Where to go from here?
To make extra sure diagnostics were correct, a little patch was developed as a proof of concept, disabling the HAVE_GETRANDOM
macro, so that the while
loop quoted above isn’t even tried, and so that one jumps directly to the fallback reading from /dev/*random
. It was a bit tricky to get this part right since there are several places where it can be enabled: a configure.ac
check, another check on the __NR_getrandom
macro, and a final check on the SYS_getrandom
macro.
--- a/configure.ac
+++ b/configure.ac
@@ -462,7 +462,6 @@ AC_CHECK_FUNCS([ \\
getdtablesize \\
getexecname \\
getmntinfo \\
- getrandom \\
getrlimit \\
getsgnam \\
inotify_init \\
--- a/lib/randutils.c
+++ b/lib/randutils.c
@@ -27,14 +27,14 @@
#ifdef HAVE_GETRANDOM
# include <sys/random.h>
-#elif defined (__linux__)
+#elif 0
# if !defined(SYS_getrandom) && defined(__NR_getrandom)
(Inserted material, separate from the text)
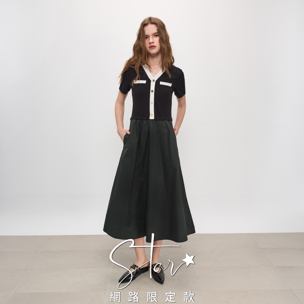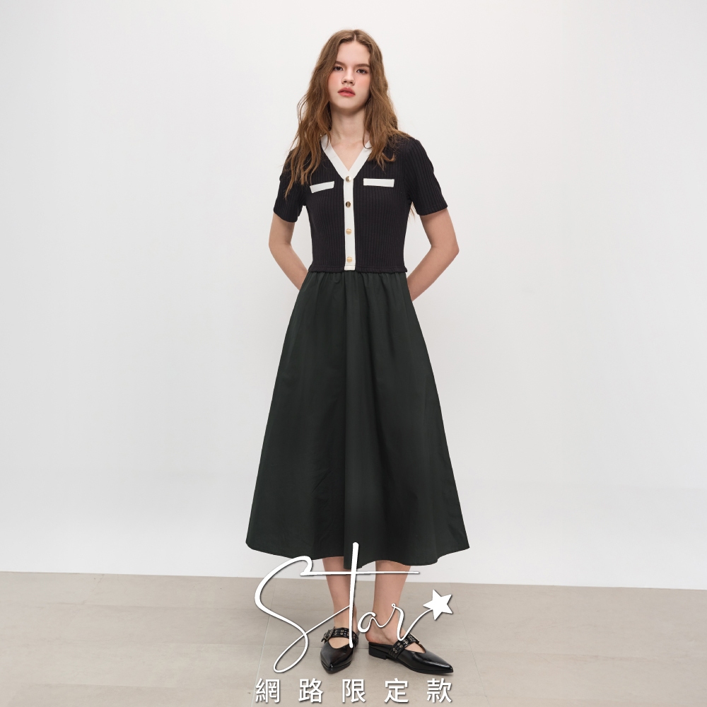 SO NICE 小香風撞色V領顯瘦坑條拼接時裝布長洋裝|STAR|都會時尚女裝【3553F012】黑,36(S)|黑,38(M)|黑,40(L)|黑,42(XL)|黑,34(XS)SO NICE 官方旗艦店

/* usable kernel-headers, but old glibc-headers */
# define SYS_getrandom __NR_getrandom
# endif
#endif
-#if !defined(HAVE_GETRANDOM) && defined(SYS_getrandom)
+#if 0
/* libc without function, but we have syscal */
#define GRND_NONBLOCK 0x01
#define GRND_RANDOM 0x02
This patch ensures a direct read from /dev/*random
, which means delays go away, and that Debian Installer starts properly. Hurray?
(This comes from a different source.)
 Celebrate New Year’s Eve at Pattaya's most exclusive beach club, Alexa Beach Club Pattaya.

Unfortunately, it doesn’t seem reasonable to degrade the quality of randomness used by a function called uuid_generate_random()
, since it might be used by something a little more critical than setting UUIDs for fonts in fontconfig
; a quick search on sources.debian.org returns 58 packages with that name in their source code at the very least. Increasing this function’s complexity to add an I don’t care about entropy quality
option doesn’t seem too good either. So maybe it might make sense to see if fontconfig
might be tweaked to use something that wouldn’t rely on getrandom()
…
Time to report these findings to the Debian Installer team as a whole, adding fontconfig
and util-linux
developers to the loop. Let’s see what consensus we can reach.
Update (June 2018)
Ben Hutchings saved the day one more time, checking my status report and quickly pointing out that the same issue was encountered with plymouth as well. That component also runs very early in the boot process, to provide with a graphical “splash” screen.
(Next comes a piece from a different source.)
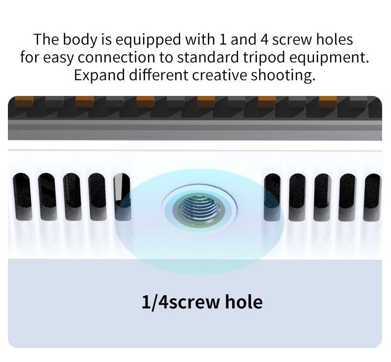 1/4″ Screw Mount: Compatible with tripods, camera rigs, and stands for flexible positioning.
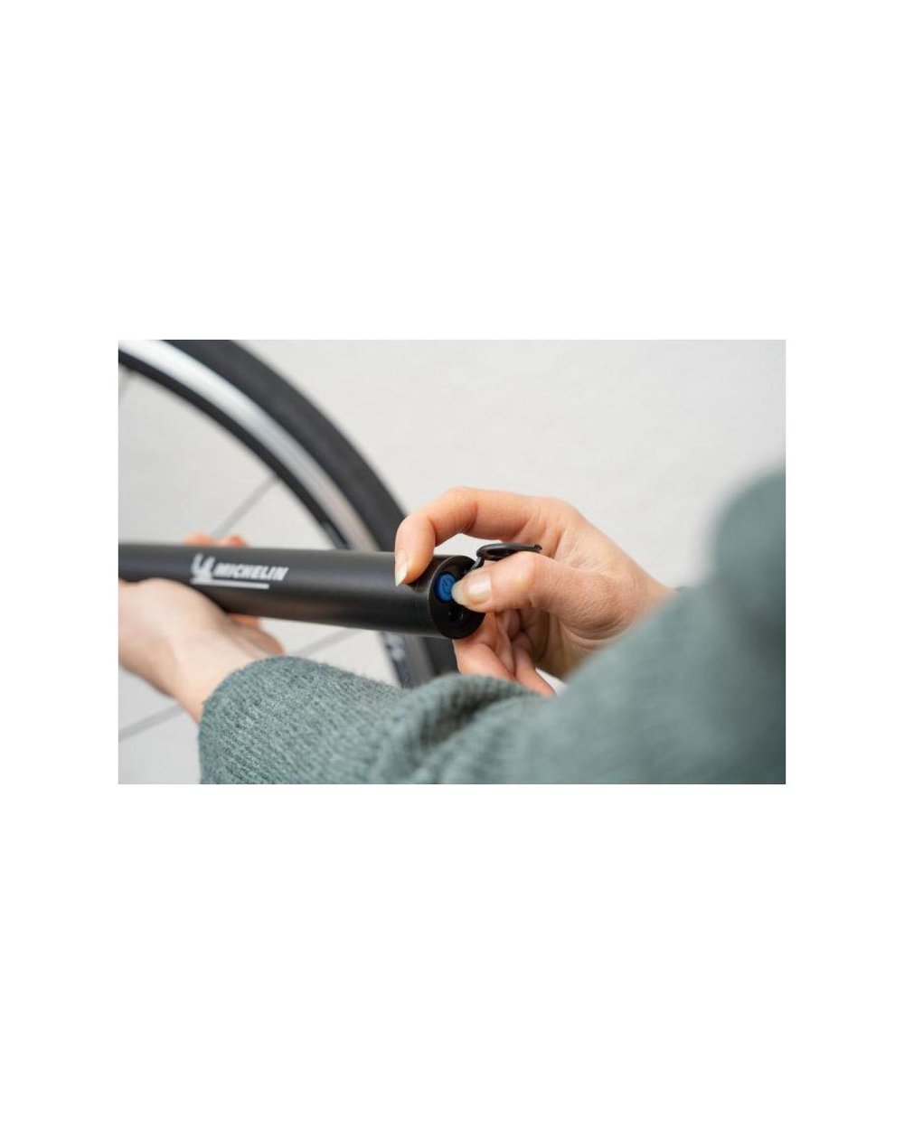 Cu pompa de aer cu baterie analogică de la Michelin, pot fi umflate până la 8 anvelope de bicicletă cu o singură încărcare a bateriei.

Borrowing the fix from plymouth was very easy, as it was only about creating the fontconfig cache at build-time thanks to an fc-cache
call; and that finally made this issue vanish!
There was still a little issue left to fix, as the X server had been updated in the meanwhile: a transition to a major version of the X stack had started in unstable
in the meanwhile, and there was a regression with the fbdev
driver. The server would fail to start with:
Xorg: symbol lookup error: /usr/lib/xorg/modules/drivers/fbdev_drv.so: undefined symbol: shadowUpdatePackedWeak
The Debian Installer side was tracked in #900317, even if the actual issue was first filed as #900613 against the xserver-xorg-video-fbdev
package (also affecting its xserver-xorg-video-fbdev-udeb
counterpart).
Having very responsive X people helped Cyril realize the patch was easy to grab and test, and that finally concluded the treasure hunt to repair the graphical installer! Two weeks after that, the Debian Installer Buster Alpha 3 release was published.